This article is a substantial extension of a conference paper (Baraniak et al. 2016) where the parts of the two first of the above contributions were preliminarily presented.
Our experimental results seem to positively confirm hypothesis that diversity of single editors and teams is positively related to the quality of their work and that diversity is usually more important than some seemingly more obvious attributes such as size or productivity of the team.
Related work
The general comparison of quality of classic and opencollaboration encyclopediae, in particular Britannica vs Wikipedia is discussed in Giles (2005) when it is observed that the quality of Wikipedia (in terms of number of errors) is not much lower than that of Britannica, which is a bit surprising result.

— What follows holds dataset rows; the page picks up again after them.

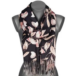 Szalik damski przejściowy jesień zima KWIATY na prezent z frędzlami RC28-2 czarny
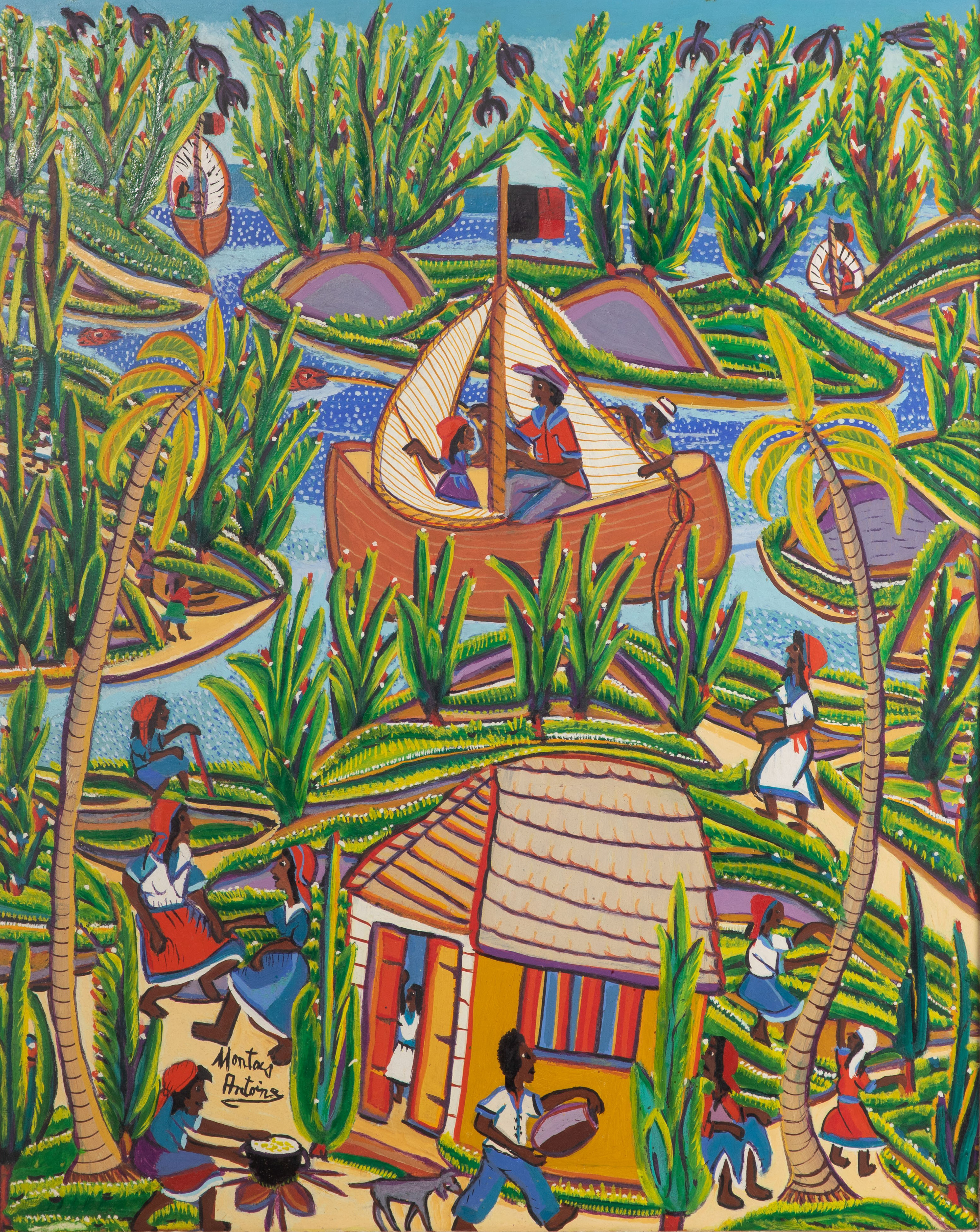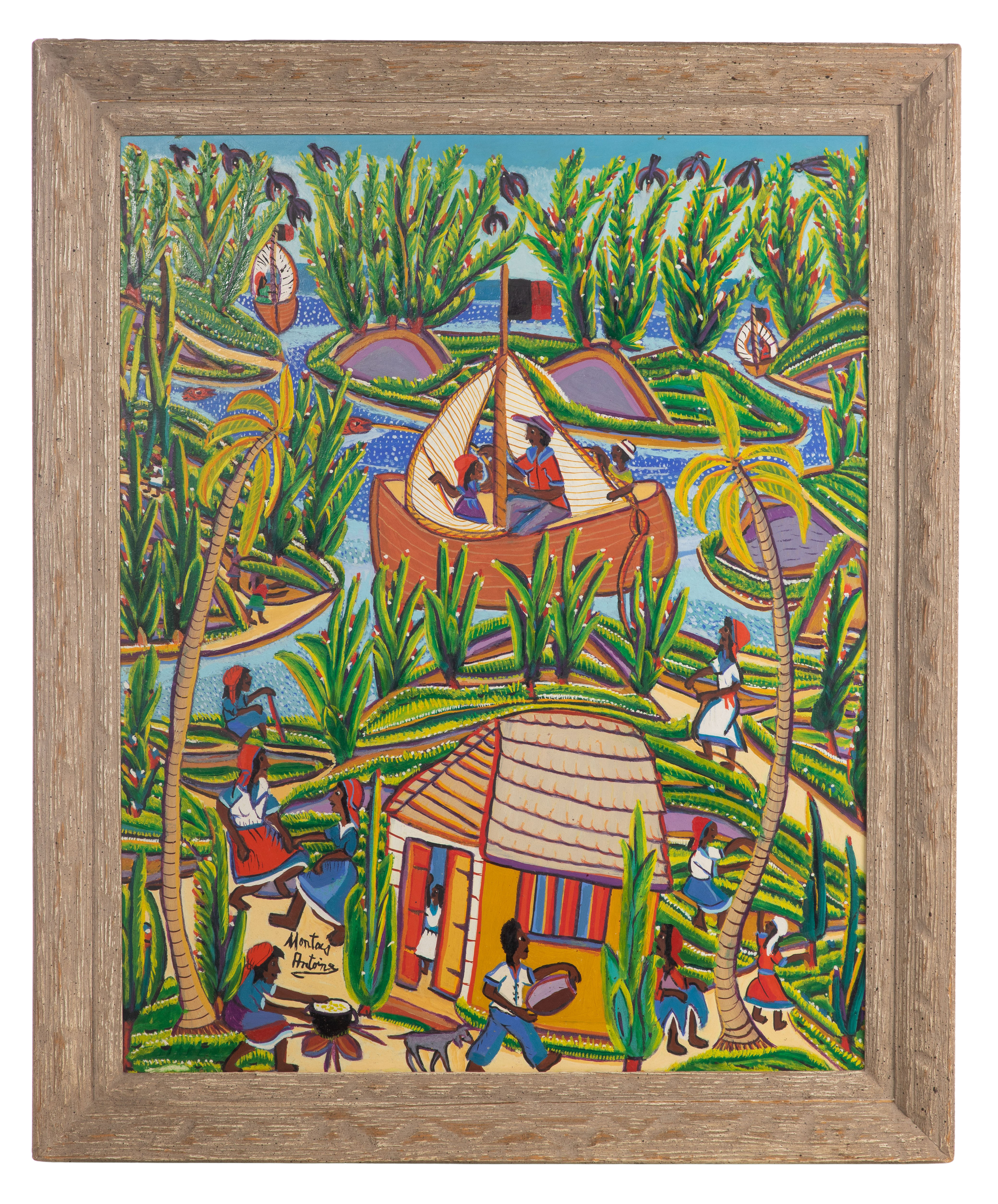 Montas Antonie (Haitian, 1926-1988) ‘Found Land’ Oil on Board
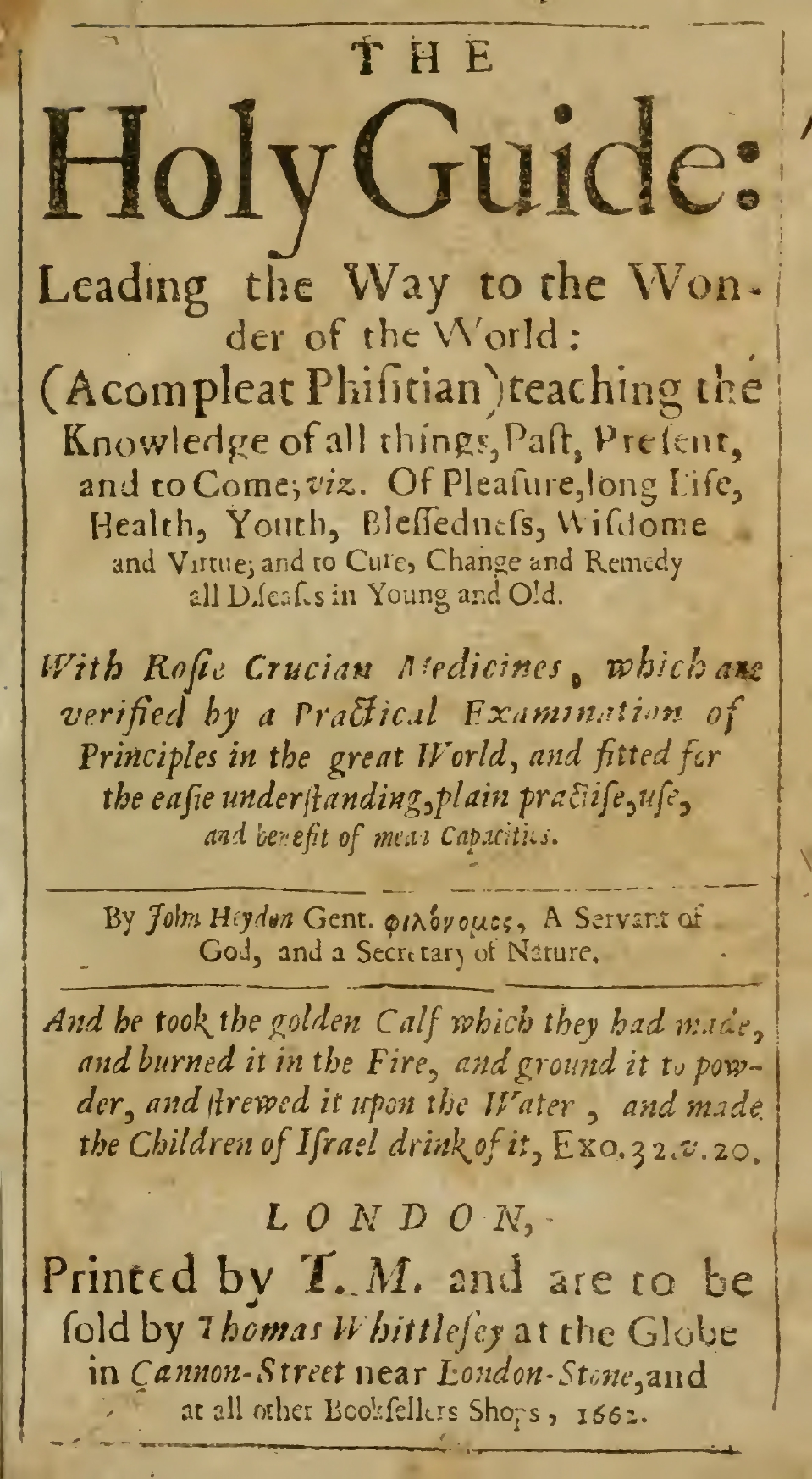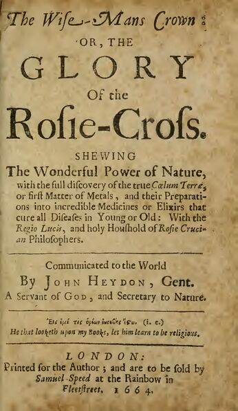 Being a discourse of God, Heaven, angels, stars, planets, earth; The miraculous descensions and ascensions of spirits, with the Nature and Harmony of man’s body; the art of preparing Rosie Crucian medicines to cure all diseases. Their rules to raise bodies decayed, which are verified by a practical examination of Principles in the great world.

The problem of how the number of editors and the coordination method of their work influences the article quality is studied in Kittur and Kraut (2008). Two coordination methods are considered: the explicit one and the implicit one. In the latter one, the work is planned and coordinated by explicit communication between all the editors while in the second one the most of the work is organised and done by a small subset of the editor team. The presented results demonstrate that adding more editors can improve the article quality only if the applied work coordination method was appropriate. In particular the results indicate that the implicit coordination helps more in larger teams.
The interplay between the phenomenons of social influence and social preference based on similarity between the editors in the context of open collaboration in Wikipedia is studied in Crandall et al. (2008). The results indicate that both phenomenons play an important role in explaining the open collaboration patterns.
In Wilkinson and Huberman (2007) it is reported that the highquality articles are those that are intensively edited and have high number of editors as compared to other articles of similar age. Our work shows that diversity is not less important in this context.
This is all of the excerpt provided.